The importance of this pathway is apparent in the discovery of familial thrombophilia
due to the Factor V Leiden mutation. We are trying to better understand
the process by which PCI and PAI-1/VN regulate the protein C system proteases,
and to refine their inhibition mechanism by directly looking at assay systems
with phospholipids and with endothelial cells that generate both thrombin
and APC. Interestingly, APC has other activities beyond its role as
an anticoagulant protease. APC is currently being used to treat sepsis
to replace decreased APC levels, e.g., in children with severe meningococcal
sepsis. Yet the mechanism of how APC achieves this anti-inflammatory
role is just beginning to be understood. Three groups have recently
analyzed various gene chip arrays and have identified several anti-inflammatory
genes that are up or down regulated on vascular endothelium following incubation
of APC with cells. Joyce et al found that APC directly down-regulated
major gene in a pattern of anti-inflammatory and cell survival pathways.
Riewald et al. reported that the major anti-inflammatory effect of APC was
due to activation of the classic thrombin receptor PAR-1 (protease activated
receptor-1), dependent on APC being bound to EPCR. We are currently
studying the effect of the protein C system in cellular migration and invasion
using various cell types, and we are working on the molecular mechanism of
this interaction of APC with cell surface receptors.
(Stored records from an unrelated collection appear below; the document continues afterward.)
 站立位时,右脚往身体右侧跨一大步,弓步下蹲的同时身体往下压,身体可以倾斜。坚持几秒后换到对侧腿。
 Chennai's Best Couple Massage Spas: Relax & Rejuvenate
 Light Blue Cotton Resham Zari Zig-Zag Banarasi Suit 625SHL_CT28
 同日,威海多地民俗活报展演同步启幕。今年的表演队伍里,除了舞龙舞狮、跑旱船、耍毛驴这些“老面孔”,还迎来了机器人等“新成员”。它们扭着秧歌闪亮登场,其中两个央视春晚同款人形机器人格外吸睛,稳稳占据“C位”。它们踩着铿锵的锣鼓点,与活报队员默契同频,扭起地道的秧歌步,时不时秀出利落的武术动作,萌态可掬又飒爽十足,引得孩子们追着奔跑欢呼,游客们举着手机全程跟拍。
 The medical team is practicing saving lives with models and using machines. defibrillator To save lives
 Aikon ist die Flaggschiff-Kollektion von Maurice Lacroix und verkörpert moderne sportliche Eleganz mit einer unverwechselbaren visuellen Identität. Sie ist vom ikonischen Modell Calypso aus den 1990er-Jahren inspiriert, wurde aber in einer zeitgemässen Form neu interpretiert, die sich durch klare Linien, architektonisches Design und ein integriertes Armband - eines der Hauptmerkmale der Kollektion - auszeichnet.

Furthermore, we
are characterizing the role of serpins to down-regulate the migration/invasion
response, and the signaling pathways promoted by APC-cell interactions.
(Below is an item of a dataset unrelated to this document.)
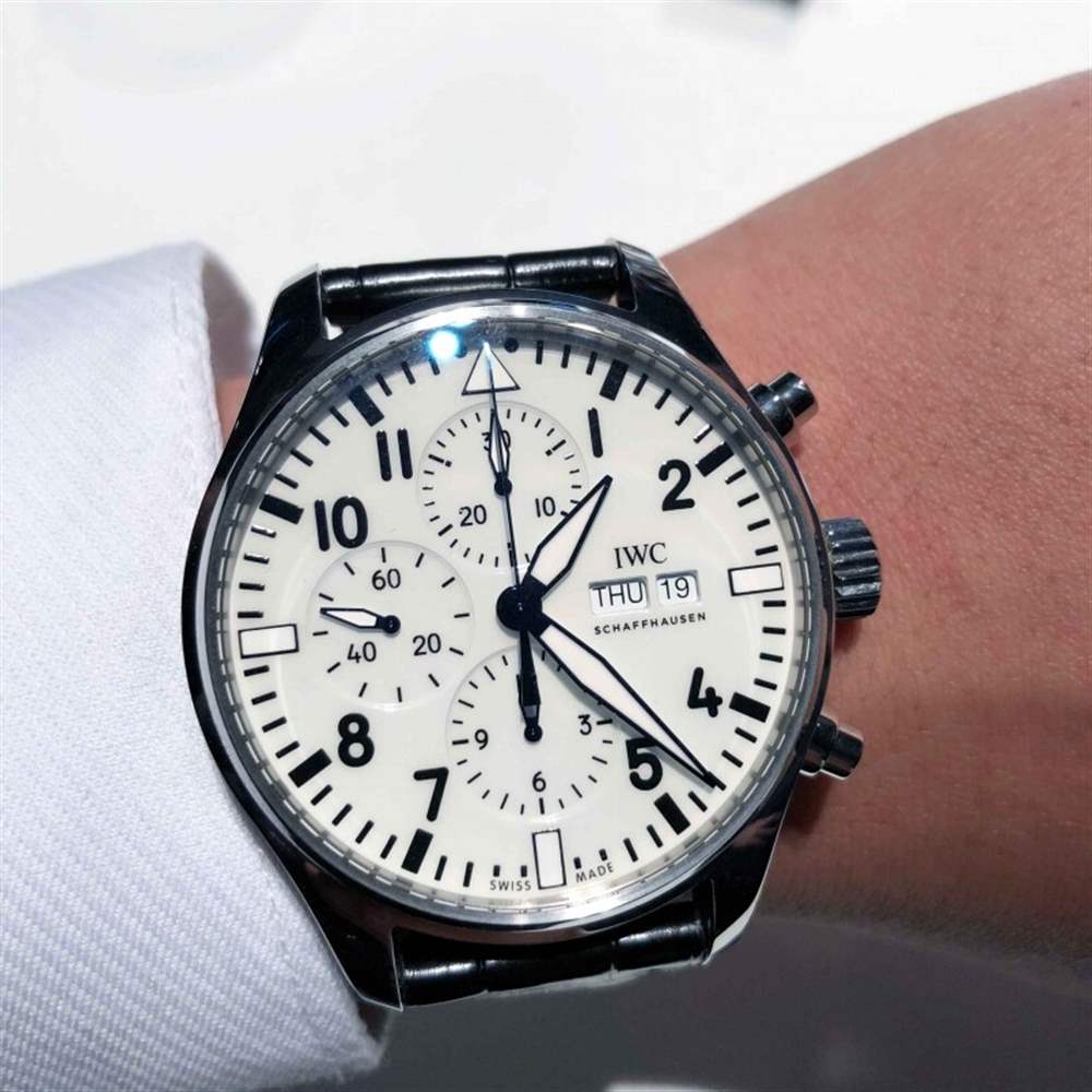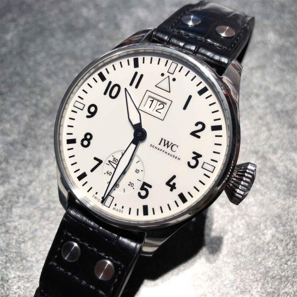 另一款是我一見愛上的IWC Big Pilot’s Big Date 「150周年」特別版,最喜歡的是這白色漆面的版本,黑色時(shí)標(biāo)在表盤上猶其突出!而由于是大日期視窗,所以表盤比較簡潔,也令表盤更搶眼,而其實(shí)今回是IWC首次將Big Date放入Big Pilot’s 系列,所以特別有新鮮感,如果是一直都恨買Big Pilot’s而又未買,這款絕對要留意,因?yàn)橐仓皇窍蘖?00枚!
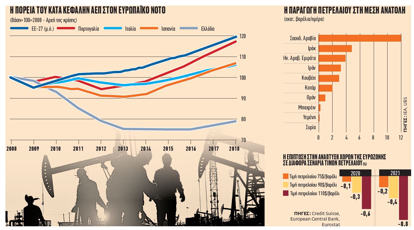 Μια εκτόξευση των τιμών του «μαύρου χρυσού» που θα μπορούσε να οδηγήσει τον κόσμο στα πρόθυρα της ύφεσης δεν θα άφηνε ανεπηρέαστη και την Ελλάδα, το πραγματικό ΑΕΠ της οποίας σημειώνει άνοδο την τελευταία τριετία χάρη στη συμβολή της ιδιωτικής κατανάλωσης και των καθαρών εξαγωγών, ενώ αναμένεται ισχυροποίηση του ρυθμού μεγέθυνσης στο 2,5% εφέτος. Η επενδυτική δαπάνη αναμένεται μάλιστα να ενισχυθεί σημαντικά στο διάστημα 2020-2021 αποτελώντας τον βασικό μοχλό επέκτασης της οικονομικής δραστηριότητας ώστε να κερδηθεί μέρος των απωλειών της κρίσης.

Localization of Heparin Cofactor II in Atherosclerotic
Lesions: The role of HCII in atherosclerosis is poorly understood,
we and others have explored the occurrence of HCII and other serpins in normal
and diseased vessels, we and others have characterized DSPG/HSPG from these
diseased lesions compared to normal artery wall and found as the disease
progressed the character of the GAG changed to be less effective at catalyzing
thrombin inhibition by HCII. Thus, we initiated this project to further
explore the occurrence of HCII compared to AT. Multiple microscopic
sections from 33 individual cases of human left anterior descending (LAD)
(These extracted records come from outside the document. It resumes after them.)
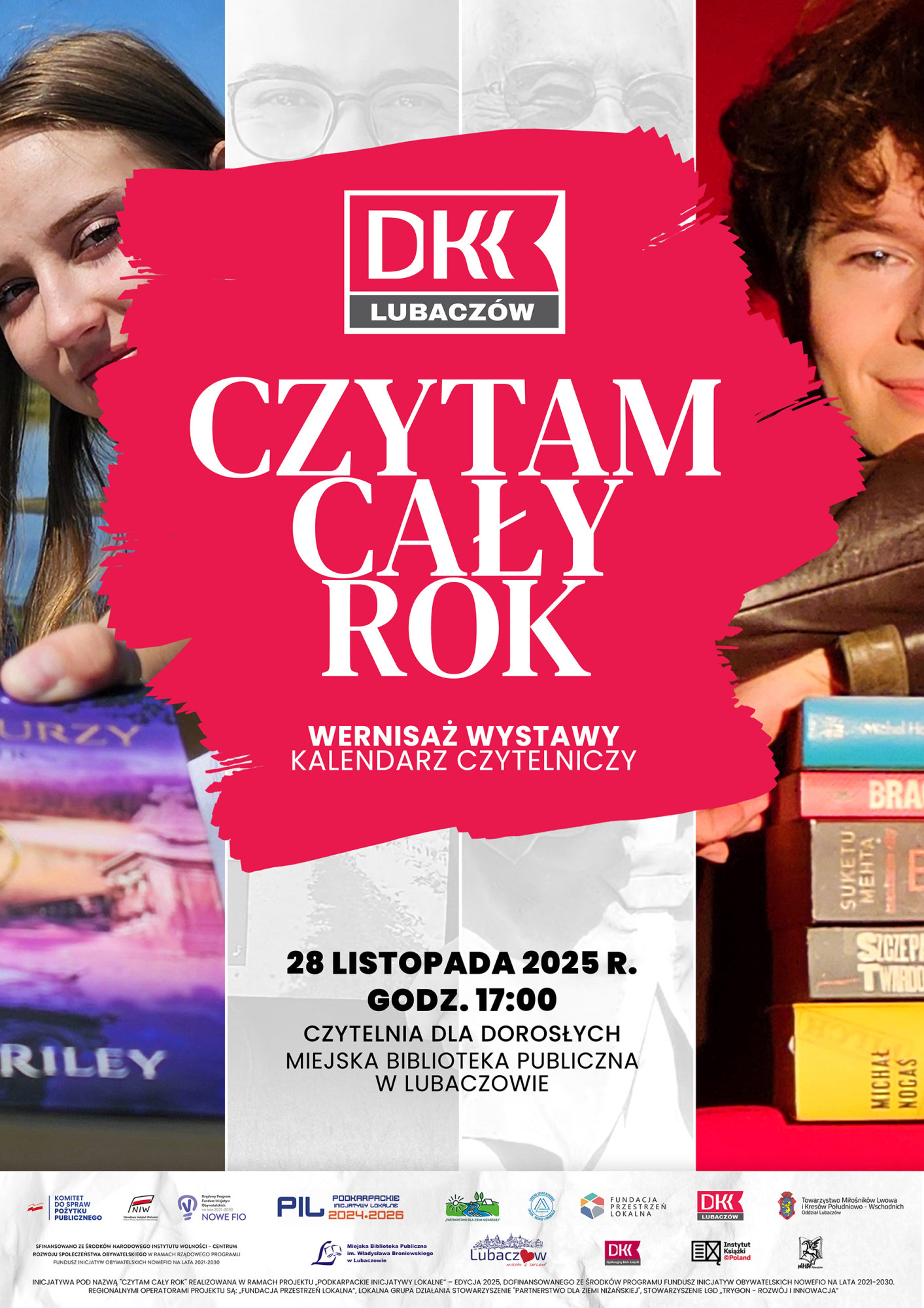 Dyskusyjny Klub Książki w Lubaczowie zaprasza na promocję Kalendarza Czytelniczego 2026 oraz wernisaż wystawy przygotowanej w ramach projektu „Czytam cały rok”. Wydarzenie stanowi podsumowanie działań zrealizowanych przez Dyskusyjny Klub Książki w ramach Podkarpackich Inicjatyw Lokalnych – Edycja 2025.
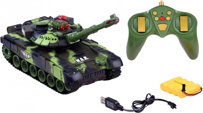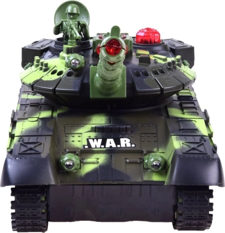 Izbaudi dinamiskas cīņas ar RC tanku meža kamuflāžā. Modelis spēj braukt uz priekšu/atpakaļ, pagriezties uz vietas un tam ir rotējošs tornis par 180° katrā pusē (kopā 360° pārklājums). Pēc trāpījuma iedegas/dziest kaujas stāvokļa indikatori, un tanks simulē reālistisku atdevi, kas pastiprina īsta kaujas lauka atmosfēru.
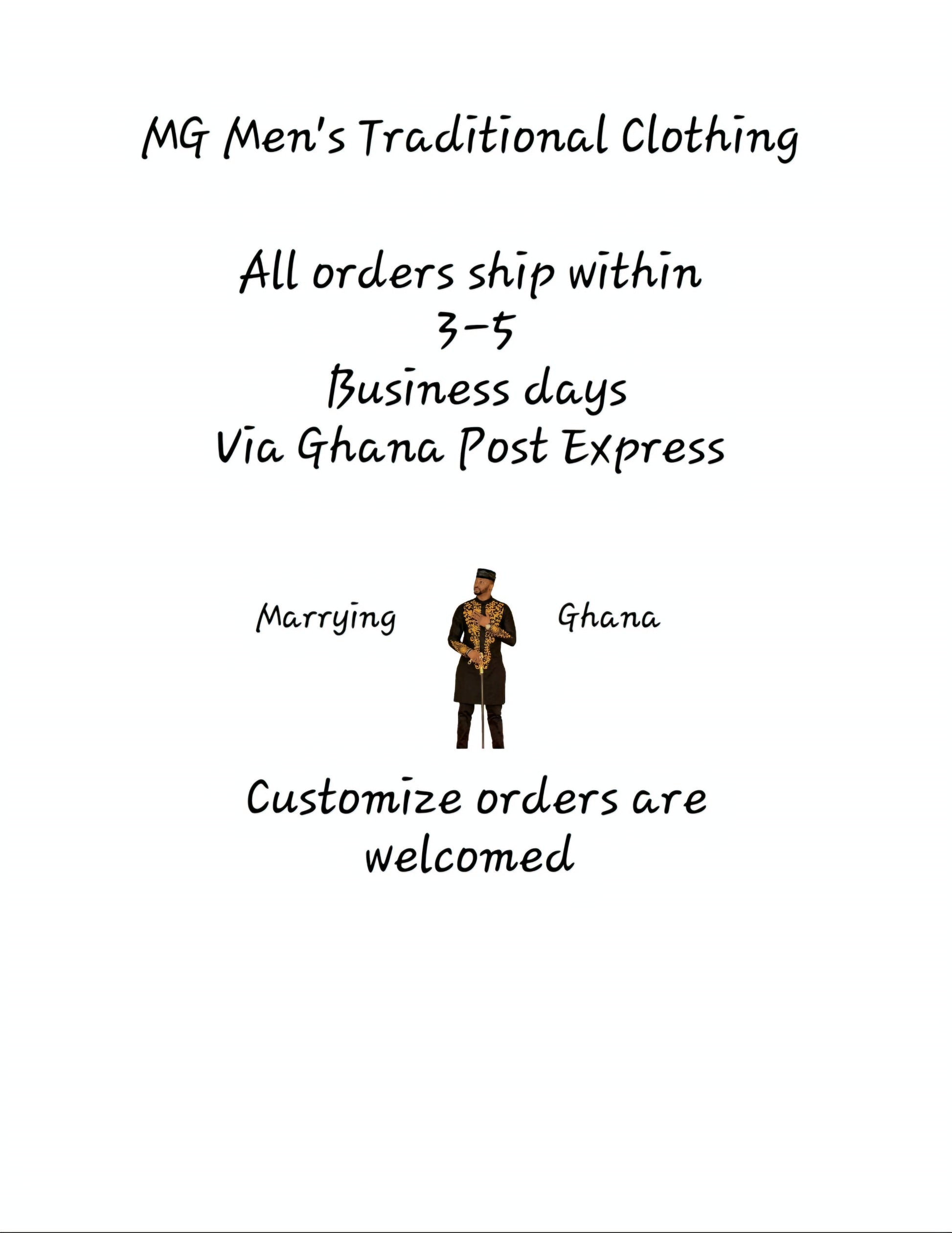 MG Clothing are branded and embroidered with the MGC(Marrying Ghana Clothing) initials for proof of Authenticity from our fashion line.
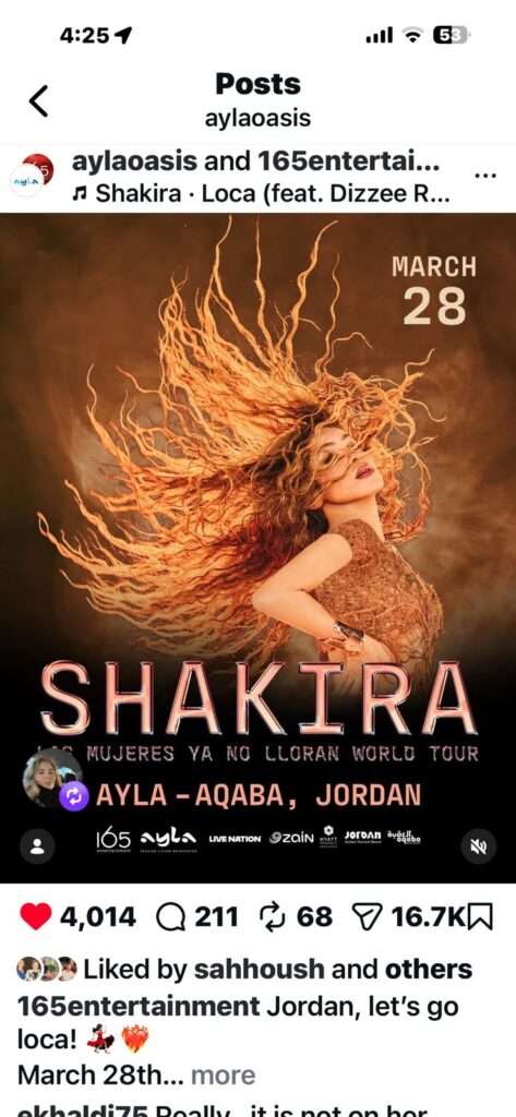 صدى الشعب – تستعد مدينة العقبة لاحتضان حدث فني عالمي غير مسبوق، مع إعلان إقامة حفل ضخم تحييه النجمة العالمية شاكيرا يوم 28 آذار، ضمن جولتها العالمية، في خطوة تُعد من أبرز الأحداث الفنية التي يشهدها الأردن، بمعنى أن الحفلة ستقام بعد رمضان ولن (تُرمضن) معنا و وربما يعتبر حضورها متواصل لأيام العيد، عيد الفطر، حيث من المتوقع أن تكون أيام عيد الفطر السعيد (بين 20-23-3-2026).

coronary artery with some degree of atherosclerosis were obtained from the
Pathobiological Determinants of Atherosclerosis in Youth (PDAY) Study.
Liver sections obtained from Surgical Pathology at the University of North
Carolina were used as positive controls because both HCII and AT are synthesized
in the liver and therefore should be detectable using immunohistochemistry
(these results are not shown). All subjects in this study were persons
from the ages of 15-34 who died of external causes (accidents, homicides,
suicides) from fifteen cooperating centers managed by the Department of Pathology
at Louisiana State University Health Science Center. Data from each
case was recorded in a database for analysis including, age, gender, race,
total cholesterol and high-density cholesterol (HDLC) and this long-term
study was termed PDAY.
Each case was probed for the presence of heparin cofactor II (HCII) or antithrombin
(AT). Liver slides for each run were subjected to the exact same conditions
as the LAD slides being probed. HCII antigen was detected by first
incubating with goat anti-human HCII affinity purified polyclonal IgG.
AT was probed for using goat anti-human AT polyclonal IgG. Mouse anti-human
maspin monoclonal IgG was used as one negative control because it is a serpin
that is not produced in the liver and not thought to be in the blood vessels
or atheromas. Goat IgG was used as another negative control to ensure
that any antigen binding was not nonspecific binding due to IgG interactions.
Using the American Heart Association (AHA) classification system, each atherosclerotic
lesion from each case was blindly graded by three individuals. The intensity
of staining was also independently ranked on a scale of 0 to 3 with 0 indicating
no staining, 1 indicating weak staining, 2 indicating intermediate staining
and 3 indicating strong staining. As evidenced by the Spearman
correlation coefficient of 0.76 (two-sided p-value <0.0001) and the Nonzero
correlation statistic of 16.9039 (exact p-value <0.0001), there is a significant
positive correlation between lesion severity and HCII staining intensity.